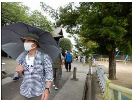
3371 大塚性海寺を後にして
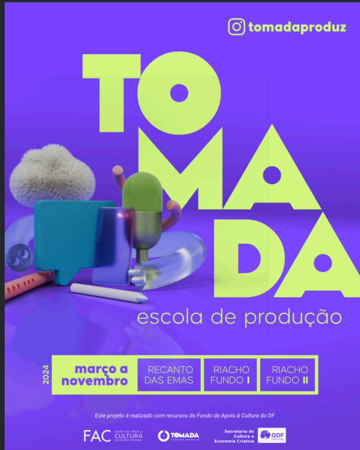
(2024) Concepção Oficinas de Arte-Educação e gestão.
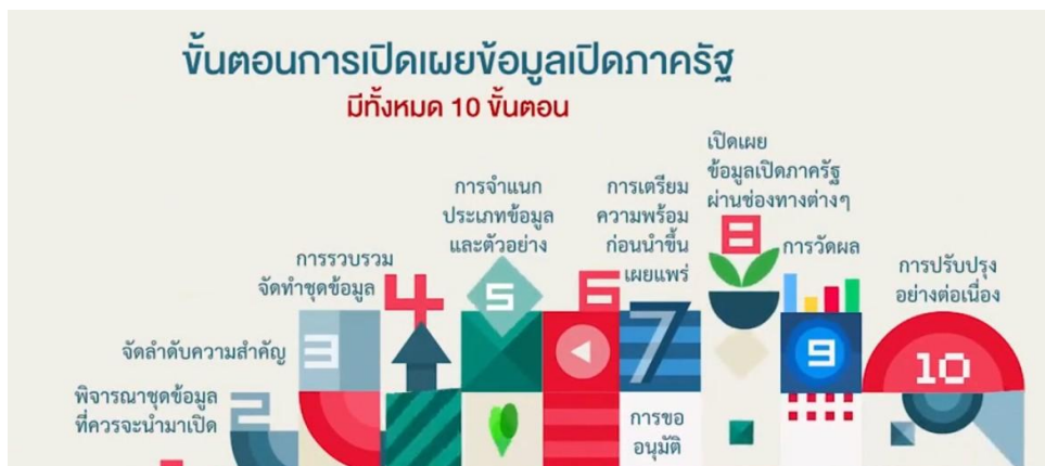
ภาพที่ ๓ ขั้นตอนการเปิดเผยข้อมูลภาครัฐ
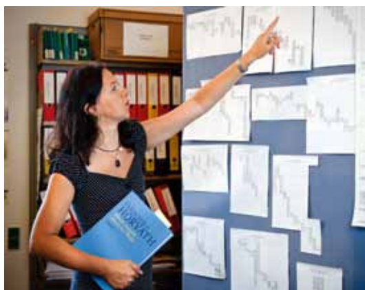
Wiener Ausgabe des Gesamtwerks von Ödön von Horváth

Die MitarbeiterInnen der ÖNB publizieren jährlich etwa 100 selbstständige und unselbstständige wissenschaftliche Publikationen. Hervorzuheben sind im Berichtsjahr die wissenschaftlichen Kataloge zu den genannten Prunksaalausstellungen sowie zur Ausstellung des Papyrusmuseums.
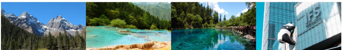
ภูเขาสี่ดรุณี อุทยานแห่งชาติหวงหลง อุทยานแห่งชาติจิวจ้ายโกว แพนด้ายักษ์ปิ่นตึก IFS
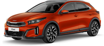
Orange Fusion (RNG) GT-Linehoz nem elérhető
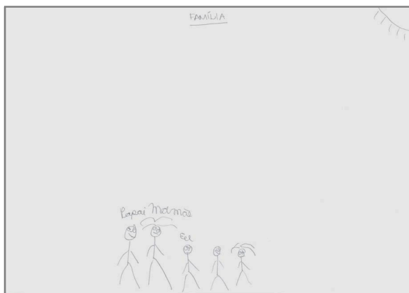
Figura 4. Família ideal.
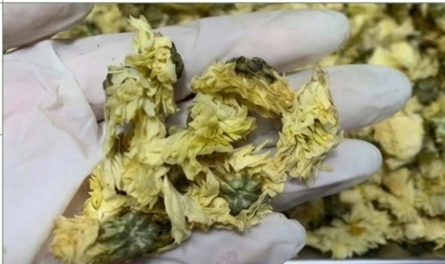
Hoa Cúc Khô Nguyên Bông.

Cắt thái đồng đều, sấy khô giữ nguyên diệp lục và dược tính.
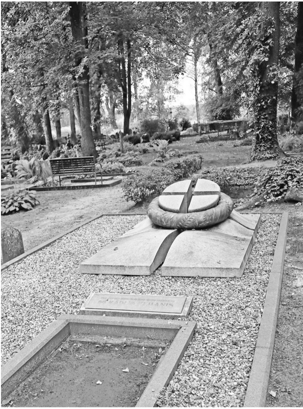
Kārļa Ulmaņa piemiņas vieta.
---
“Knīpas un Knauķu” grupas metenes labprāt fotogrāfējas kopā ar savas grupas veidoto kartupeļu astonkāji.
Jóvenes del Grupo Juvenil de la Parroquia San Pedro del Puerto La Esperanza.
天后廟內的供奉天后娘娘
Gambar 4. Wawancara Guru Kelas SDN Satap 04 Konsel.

### Exercise goal
Return the material from the line containing "Die MitarbeiterInnen der" through the line containing "Kārļa Ulmaņa piemiņas vieta.", exactly and in full, but without its pictures.

### Solved problem
Die MitarbeiterInnen der ÖNB publizieren jährlich etwa 100 selbstständige und unselbstständige wissenschaftliche Publikationen. Hervorzuheben sind im Berichtsjahr die wissenschaftlichen Kataloge zu den genannten Prunksaalausstellungen sowie zur Ausstellung des Papyrusmuseums.
ภูเขาสี่ดรุณี อุทยานแห่งชาติหวงหลง อุทยานแห่งชาติจิวจ้ายโกว แพนด้ายักษ์ปิ่นตึก IFS
Orange Fusion (RNG) GT-Linehoz nem elérhető
Figura 4. Família ideal.
Hoa Cúc Khô Nguyên Bông.

Cắt thái đồng đều, sấy khô giữ nguyên diệp lục và dược tính.
Kārļa Ulmaņa piemiņas vieta.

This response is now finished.